Many non-tech companies in healthcare, agriculture, and manufacturing know they need to digitize — but they lack the expertise to work with microelectronics, sensors, and smart systems. Finding the right technology partner across borders, prototyping a smart product, and getting it to market is expensive and slow when you are doing it alone. These companies need a structured entry point into the world of advanced microelectronics and smart system integration.

The solution

What was built

DIATOMIC built three sector-specific Digital Innovation Hubs (health, agrifood, manufacturing), a Pan-European One-Stop-Shop online platform, and funded 20+ cross-border application experiments. Concrete prototypes include an eHealth monitoring platform (eVida VFK My Signals), a farm monitoring system tested in multiple farms across two countries, and a Cyber Physical Production System with cloud services. All backed by a network of 75+ Competence Centers.

Audience

Who needs this

AgTech companies wanting to deploy IoT sensors on farms without building infrastructure from scratchHealthcare device SMEs needing a tested platform for remote patient monitoringManufacturing SMEs looking to add smart sensing to production linesTechnology parks and clusters wanting to replicate the Digital Innovation Hub modelRegional development agencies seeking proven digital upskilling programs for local industry
Business applications

Who can put this to work

Healthcare & Assisted Living
SME
Target: eHealth device companies and elderly care providers

If you are a healthcare provider or device company struggling to integrate sensor-based monitoring into your patient care — this project built an extended eHealth platform (eVida VFK My Signals) with prototypes and developer guides that let you experiment with connected health devices without building everything from scratch. The platform was tested as a cross-border application experiment across multiple partners.
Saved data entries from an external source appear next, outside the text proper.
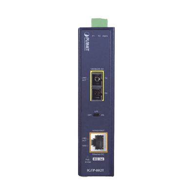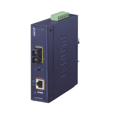 El convertidor de medios Gigabit industrial PLANET IGTP-80xT combina la conversi贸n de medios Ethernet con un inyector Power over Ethernet Plus (PoE+ 802.3at) para ofrecer hasta 30 vatios de potencia de salida y alta velocidad de transmisi贸n de datos a dispositivos instalados en 谩reas remotas donde se requiere una entrada de energ铆a suficiente y confiable.
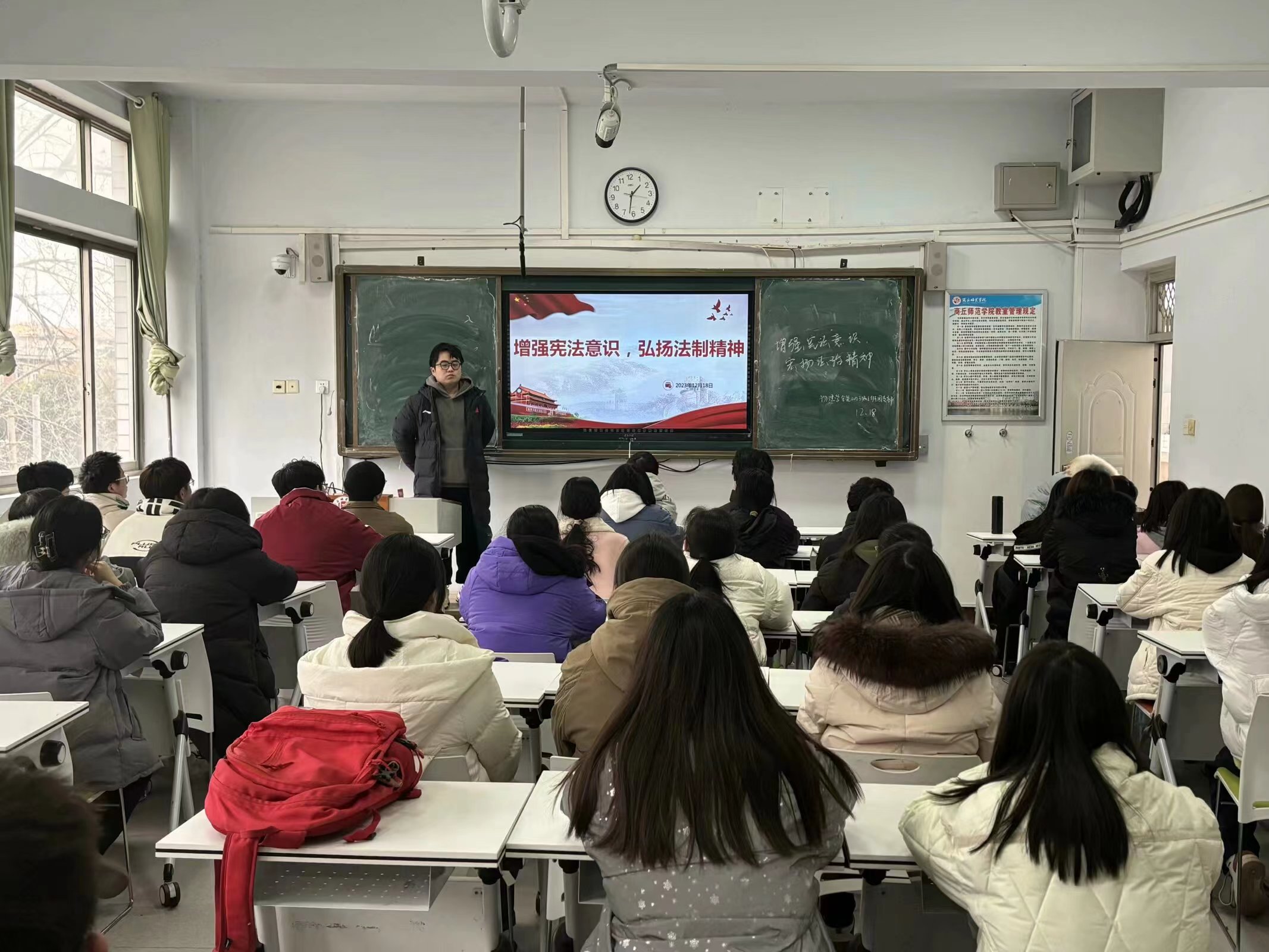 12月23日,太阳成tyc7111cc官网各团支部于睢阳校区一号教学楼开展了十二月份主题团日活动,2022级、2023级全体团员参与此次活动。
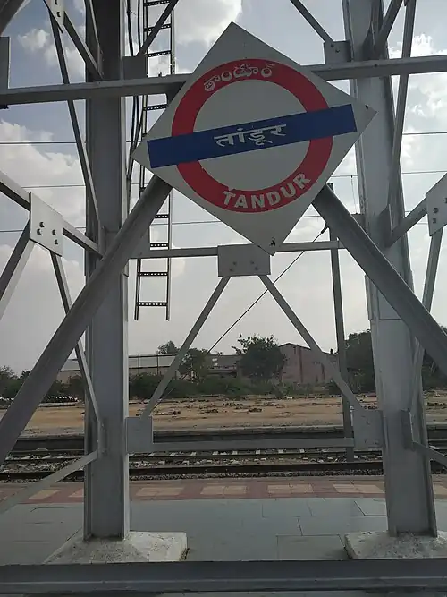 Tandur railway station (station code: TDU) is a fourth grade non-suburban (NSG–4) category Indian railway station in Secunderabad railway division of South Central Railway zone.[1][2][3] It serves Tandur in Vikarabad district of the Indian state of Telangana.[1] It was selected as one of the 21 stations to be developed under Amrit Bharat Stations scheme.[4]
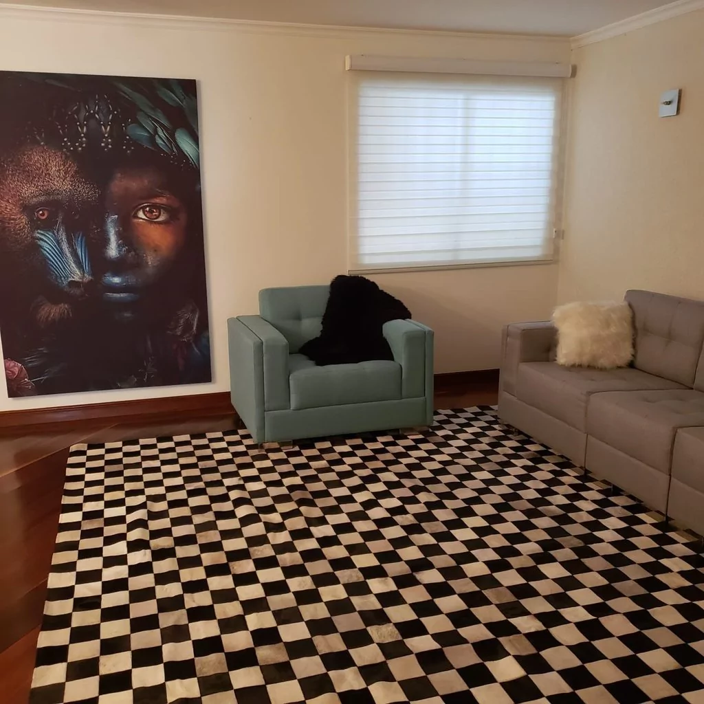 onfeccionado com recortes quadrados de couro legítimo natural em tons marrom e bege. Tapete forrado, antiderrapante , impermeável e com tratamento especial para decoração.
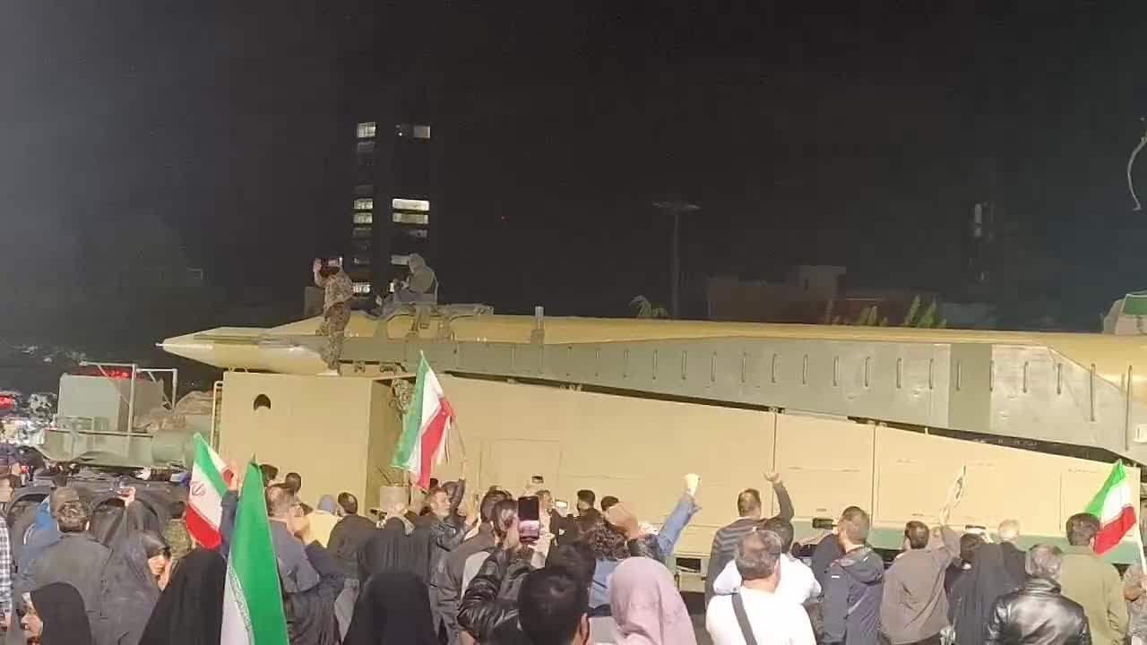 На улицах столичного Тегерана в Иране этим вечером, как на парад, выкатились многочисленные ракетные пусковые установки, готовые к пуску

Agriculture & Precision Farming
SME
Target: AgTech startups and farm equipment suppliers

If you are a farming technology company looking to deploy IoT monitoring across multiple farms — this project delivered a farm monitoring and control prototype tested across multiple farms in two countries. The testbed setup comes with documentation for both developers and end users, giving you a validated starting point for smart agriculture products.

Manufacturing & Industrial Automation
mid-size
Target: Smart manufacturing solution providers and system integrators

If you are a manufacturing company wanting to digitize production lines but lacking microelectronics expertise — this project built a Cyber Physical Production System with cloud services that lets you prototype smart factory solutions. The three Digital Innovation Hubs and over 75 Competence Centers created a support network for non-tech companies entering Industry 4.0.

Frequently asked

Quick answers

What would it cost my company to access DIATOMIC's services or platforms?

DIATOMIC operated through two open calls that provided sub-grant funding to selected consortia for running application experiments. The project has ended (2020), but the One-Stop-Shop platform and Competence Center network were designed for sustainability beyond the project. Specific pricing for ongoing services is not available in the project data.

Can these solutions work at industrial scale?

The prototypes were tested in real-world settings — farm monitoring ran across multiple farms in two countries, and the eHealth platform was experimented with actual end users. The Cyber Physical Production System included cloud services designed for scalability. However, these remain at prototype and pilot stage rather than full commercial deployment.

What about intellectual property and licensing?

DIATOMIC was structured around open calls where external teams built their own application experiments using DIATOMIC infrastructure. IP arrangements would have been governed by individual sub-grantee agreements. Based on available project data, the open call documentation kit included templates for sub-grantee agreements that likely addressed IP terms.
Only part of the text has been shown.